Calls for Justice Minister to release Belturbet bombing files

A Freedom of Information request submitted by RTÉ’s This Week programme was refused earlier this year.

FOLLOWING THE DENIAL of a Freedom of Information request, there have been calls for the files on the 1972 Belturbet bombing to be released.

Sinn Féin’s TD for Cavan-Monaghan Caoimghín Ó Caoláin has urged Justice Minister Alan Shatter to unlock the documents his department have kept in relation to the attack in which two teenagers were killed on 28 December 1972.

The call comes after it emerged that a similar request made by RTÉ under the Freedom of Information Act was refused.

Local girl Geraldine O’Reilly, aged 15, and Offaly native Patrick Stanley, 16, died when a car bomb exploded in the town 40 years ago yesterday. Their families continue to press for an inquiry.

“It comes as a further disappointment to the bereaved families in their search for truth and justice that files on the Belturbet bombing and the related bombings in Clones, County Monaghan and Pettigo, County Donegal on the same day, should be withheld by the Department of Justice,” said the Sinn Féin deputy. “Minister Shatter should release them without further delay and I am writing to him to request that he do so.”

A loyalist group is believed to be responsible for the events of 28 December but no person has ever been charged. Eight others were injured in the Belturbet explosion, while two were seriously injured in Clones.

The Justice for the Forgotten group say that Geraldine was on her Christmas holidays from school on that ill-fated day and had travelled into the town with her brother to buy chips. The explosion happened when she was in the shop, waiting to be served.

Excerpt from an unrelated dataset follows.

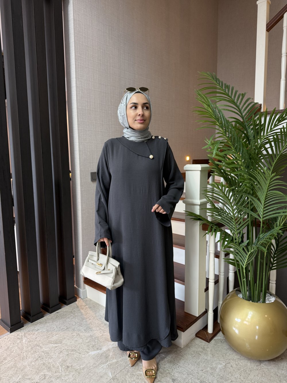 Tunik boy 125 cm’dir. Kruvaze kapama şeklinde gelmektedir, omuzunda düğme detayları mevcuttur.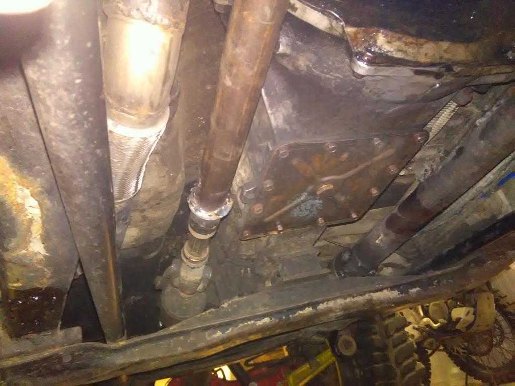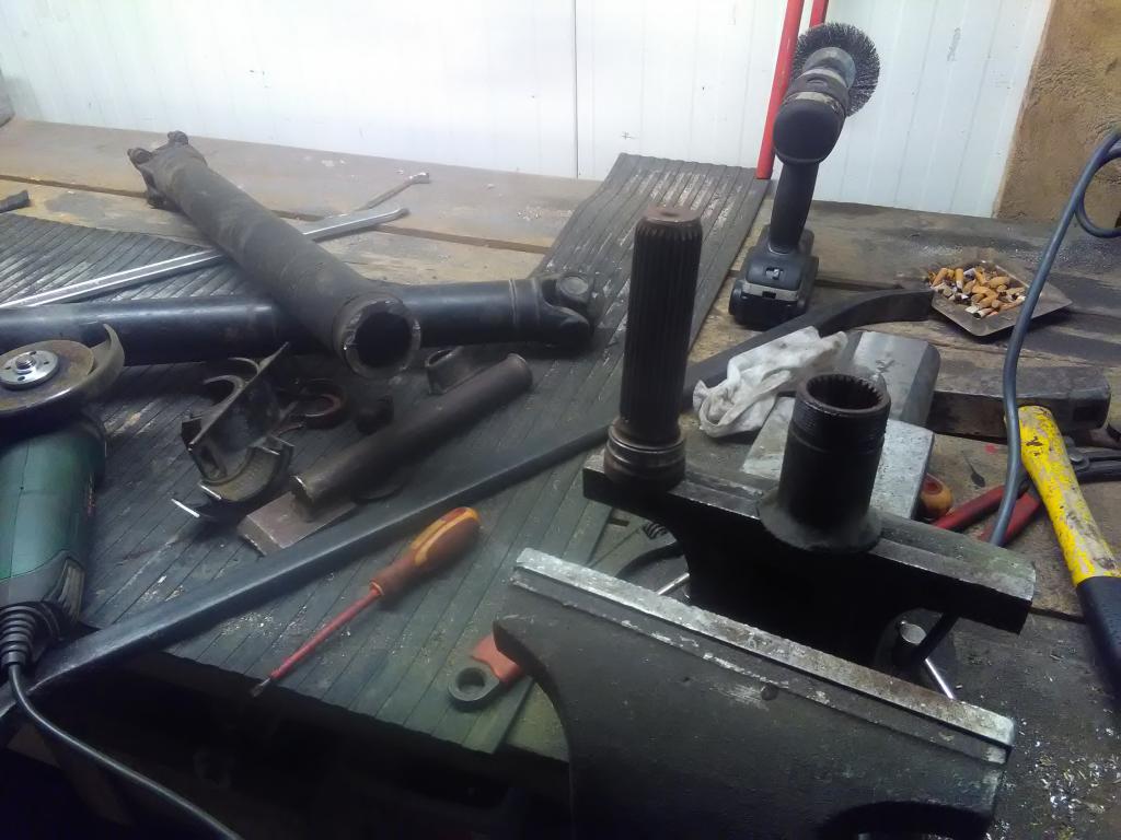 Pyörän laakerit kiristin edestä. Vinssin kardaanin tein. Liuku BMW kardaanista. Vähän paksummalla putkella nyt, ahdasta tuli mut toimii. Alipaine pumpun öljyn paluu letku kulkee vähän liian lähellä kardaania. Uusi 10mm 25metrinen vaijeri paikoilleen. Coolerin laitoin kiinni, aikaisemmin maannu moottorin päällä putkien varassa. Hitsasin runkoon vielä kolme paikkaa ja koriin yhden vaikka niitä reikiä ei pitänyt enää olla. Pohja panssari hardoksin paloista aloittelin tekeen.

Her brother Anthony was one of the injured.

The second victim, 16-year-old Paddy Stanley was also on his holidays from school. He had taken a holiday job as a helper on a gas-delivery truck and the driver had decided to stay overnight in Belturbet because of a problem with the vehicle.

When the bomb exploded, the teen was in the public phone kiosk on Main Street, trying to telephone his parents to tell them he would not be home. He suffered massive head injuries and was killed instantly.